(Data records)
Segment Open
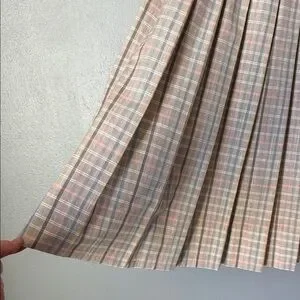 Stylish plaid pleated skirt. Featuring a classic design in soft pink and cream tones, it's perfect for any occasion.
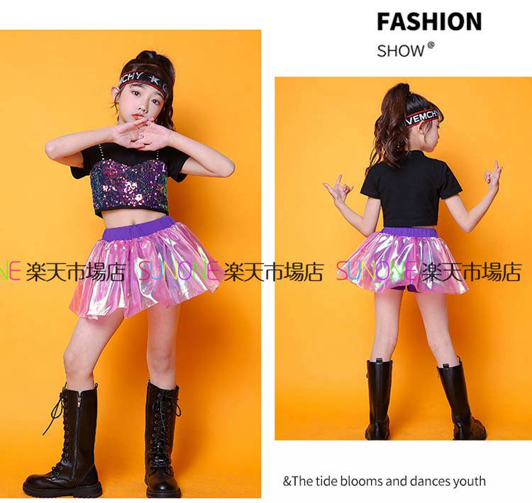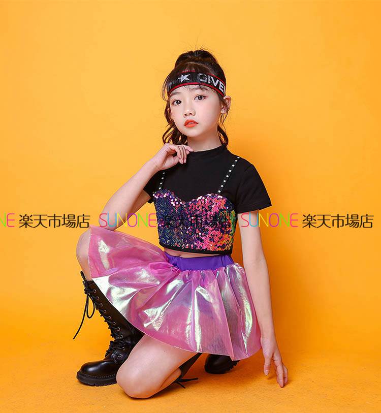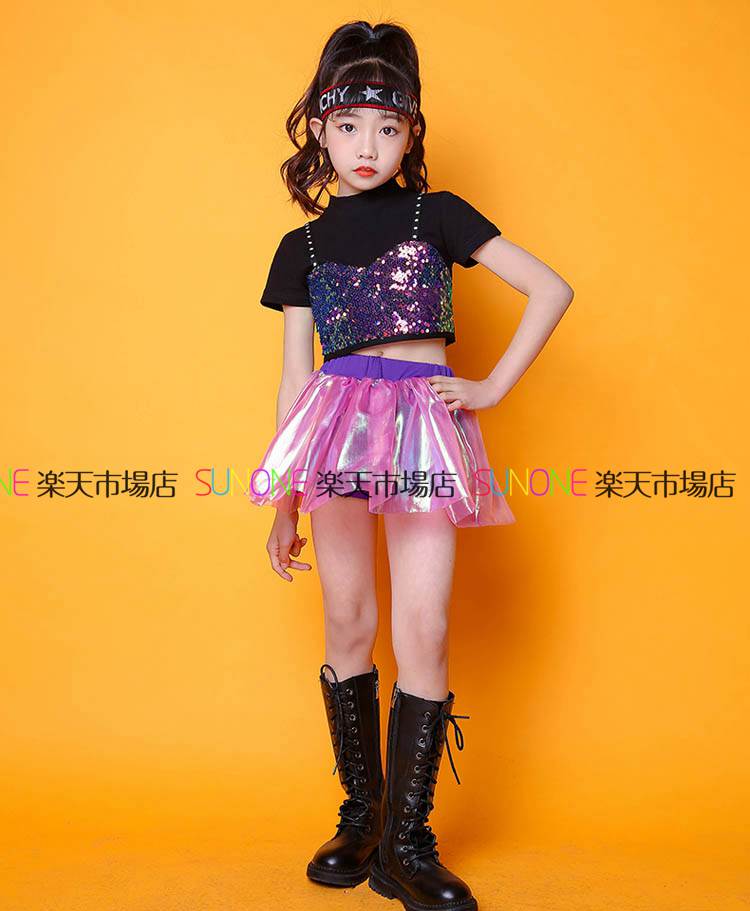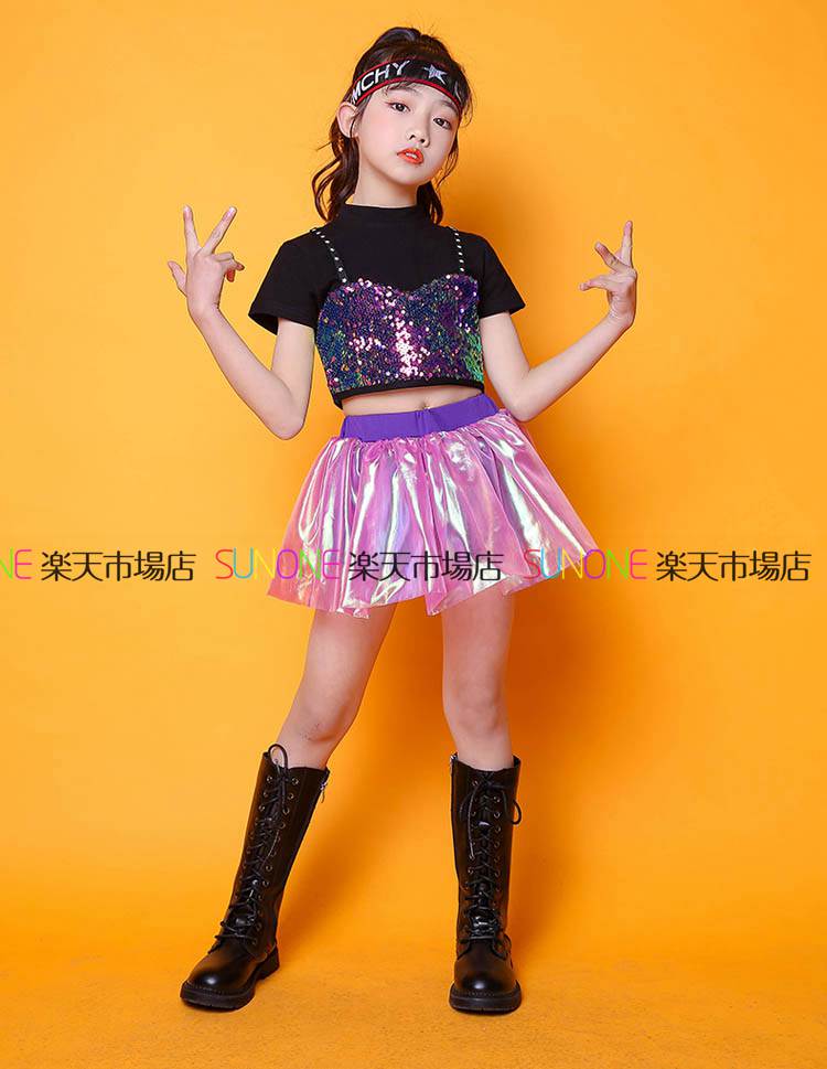 キッズ ダンス 衣装 スパンコール チアガール セットアップ へそ出し 韓国 キッズ ダンス スカート ヒップホップ 女の子 2点セット ジャズダンス ガールズ チアリーダー 半袖 子供 HIPHOP
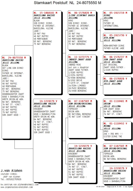 2024-8075550 JELLE JELLEMA COCK OUT LINE:SON DIRKE! DIRKE: FATHER 1E INTERNAT. BARCELONA, KLEINE JADE!! 20 NAT PAU 46 NAT RUFFEC 48 MONTAUBAN 63 NAT. BERGERAC 75 NAT BERGERAC GRANDDAUGHTER ZWART GOUD X BARABAS/FIRA GRDTR ORION:HE WON: 6e NAT. BERGERAC 7e NAT ST. VINCT. 48 NAT RUFFEC 51 NAT RUFFEC 79 NAT RUFFEC SON ZWART GOUD !
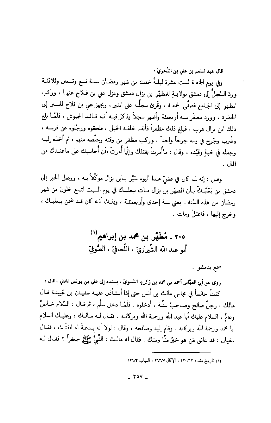 وفي يوم الجمعة لست عشرة ليلة خلت من شهر رمضان سنة تسعين وثلاثمئة ورد السجل إلى دمشق بولاية للمطهر بن بزال دمشق وعزل غلي بن فلاح عنها، وركب المطهر إلى الجامع فصلى الجمعة، وقرئ سجله على المنبر، وتجهز علي بن فلاح للمسير إلى الحضرة، وورد مظفر سنة أربعمئة وأظهر سجلاً يذكر فيه أنه قائد الجيوش، فلما بلغ ذلك ابن بزال هرب، فبلغ ذلك مظفراً فأنفذ خلفه الخيل، فلحقوه ورجلوه عن فرسه، وضرب وجرح في يده جرحاً واحداً، وركب مظغر من وقته وخلصه منهم، ثم أخذه إليه وجعله في خيمة وقيده، وقال: ما أمرت بقتلك وإنما أمرت بأن أحاسبك على ما عندك من المال.
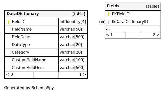 | PK__DataDictionary__47BEE010 | Primary key | Asc | FieldID |
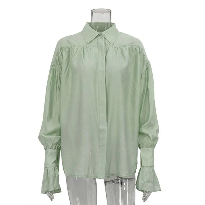 Dámská volná průsvitná halenka s límečkem Dlouhý rukáv Volánkové rukávy Lehký vzdušný materiál Elegantní styl pro léto i volný čas
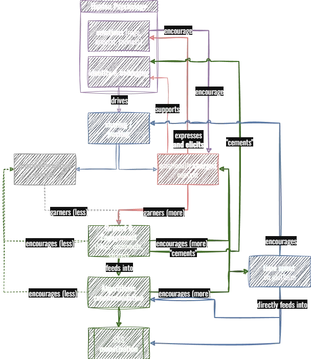 A flowchart visualizing the relationships between human psychology, content sharing, engagement, rewards, and monetization. (Which, in case you can't tell, is not AI generated. Created by hand using draw.io, for better or worse.) I have done my best to provide a detailed verbal description of the flow below.
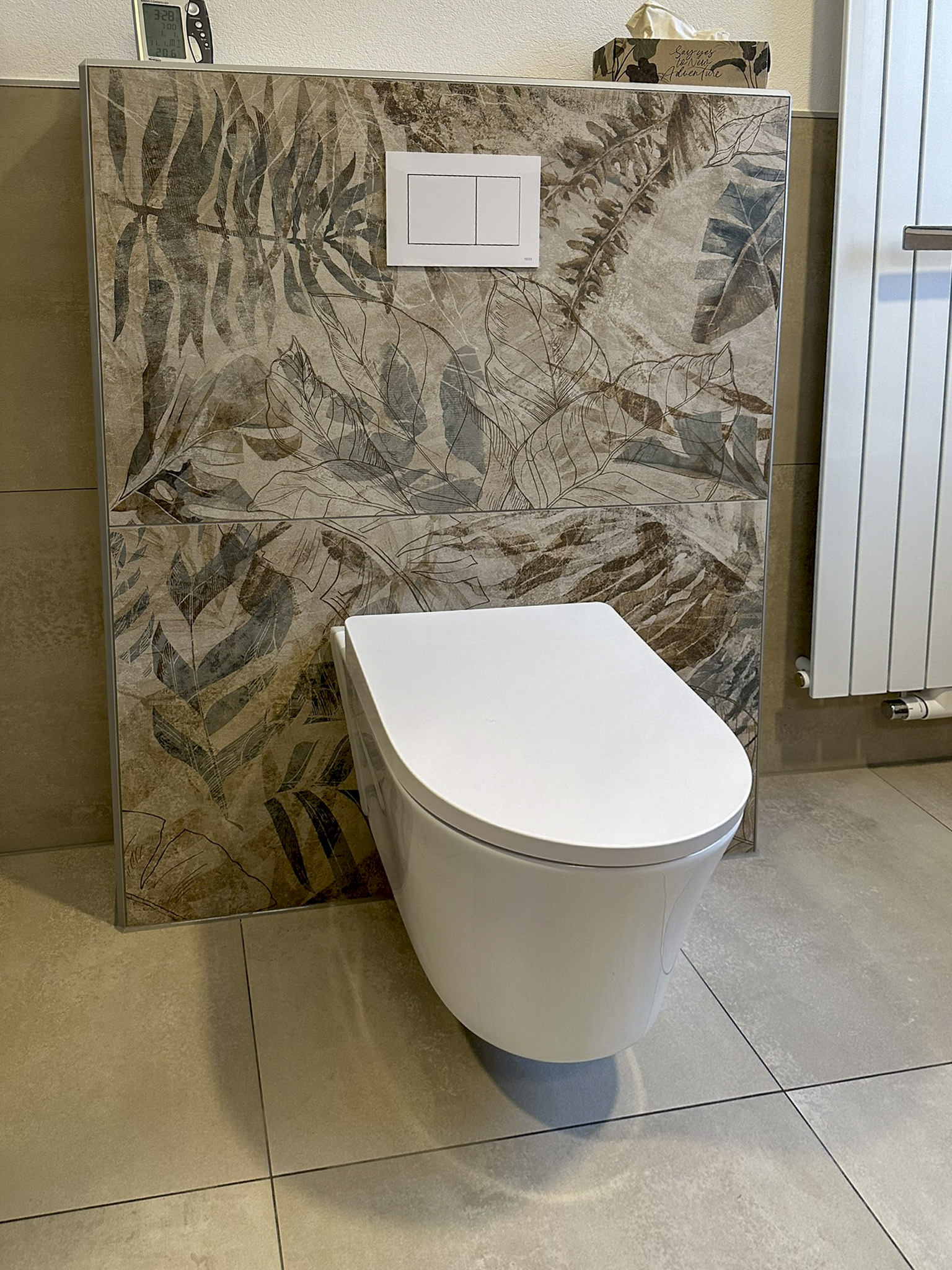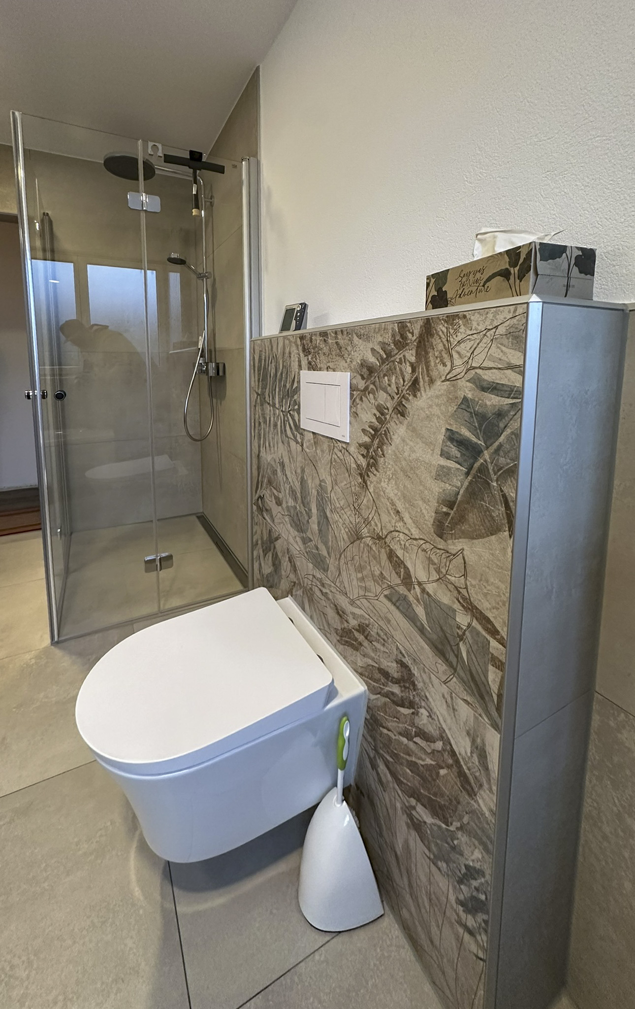 Besonders hervorzuheben ist die fugenlose Gestaltung, die nicht nur für eine elegante Optik sorgt, sondern auch die Reinigung erheblich erleichtert. Eine großzügige bodengleiche Dusche mit Glasabtrennung von HSK und Armaturen von Hansgrohe bringt modernen Komfort ins Bad. Ergänzt wird das neue Raumkonzept durch ein Dusch-WC von Toto, das höchsten Hygienestandard bietet.
Segment Closed
**Required work:** Could you copy every record above exactly, leaving out the pictures?

**Output for this exercise:**
 Stylish plaid pleated skirt. Featuring a classic design in soft pink and cream tones, it's perfect for any occasion.
 キッズ ダンス 衣装 スパンコール チアガール セットアップ へそ出し 韓国 キッズ ダンス スカート ヒップホップ 女の子 2点セット ジャズダンス ガールズ チアリーダー 半袖 子供 HIPHOP
 2024-8075550 JELLE JELLEMA COCK OUT LINE:SON DIRKE! DIRKE: FATHER 1E INTERNAT. BARCELONA, KLEINE JADE!! 20 NAT PAU 46 NAT RUFFEC 48 MONTAUBAN 63 NAT. BERGERAC 75 NAT BERGERAC GRANDDAUGHTER ZWART GOUD X BARABAS/FIRA GRDTR ORION:HE WON: 6e NAT. BERGERAC 7e NAT ST. VINCT. 48 NAT RUFFEC 51 NAT RUFFEC 79 NAT RUFFEC SON ZWART GOUD !
 وفي يوم الجمعة لست عشرة ليلة خلت من شهر رمضان سنة تسعين وثلاثمئة ورد السجل إلى دمشق بولاية للمطهر بن بزال دمشق وعزل غلي بن فلاح عنها، وركب المطهر إلى الجامع فصلى الجمعة، وقرئ سجله على المنبر، وتجهز علي بن فلاح للمسير إلى الحضرة، وورد مظفر سنة أربعمئة وأظهر سجلاً يذكر فيه أنه قائد الجيوش، فلما بلغ ذلك ابن بزال هرب، فبلغ ذلك مظفراً فأنفذ خلفه الخيل، فلحقوه ورجلوه عن فرسه، وضرب وجرح في يده جرحاً واحداً، وركب مظغر من وقته وخلصه منهم، ثم أخذه إليه وجعله في خيمة وقيده، وقال: ما أمرت بقتلك وإنما أمرت بأن أحاسبك على ما عندك من المال.
 | PK__DataDictionary__47BEE010 | Primary key | Asc | FieldID |
 Dámská volná průsvitná halenka s límečkem Dlouhý rukáv Volánkové rukávy Lehký vzdušný materiál Elegantní styl pro léto i volný čas
 A flowchart visualizing the relationships between human psychology, content sharing, engagement, rewards, and monetization. (Which, in case you can't tell, is not AI generated. Created by hand using draw.io, for better or worse.) I have done my best to provide a detailed verbal description of the flow below.
 Besonders hervorzuheben ist die fugenlose Gestaltung, die nicht nur für eine elegante Optik sorgt, sondern auch die Reinigung erheblich erleichtert. Eine großzügige bodengleiche Dusche mit Glasabtrennung von HSK und Armaturen von Hansgrohe bringt modernen Komfort ins Bad. Ergänzt wird das neue Raumkonzept durch ein Dusch-WC von Toto, das höchsten Hygienestandard bietet.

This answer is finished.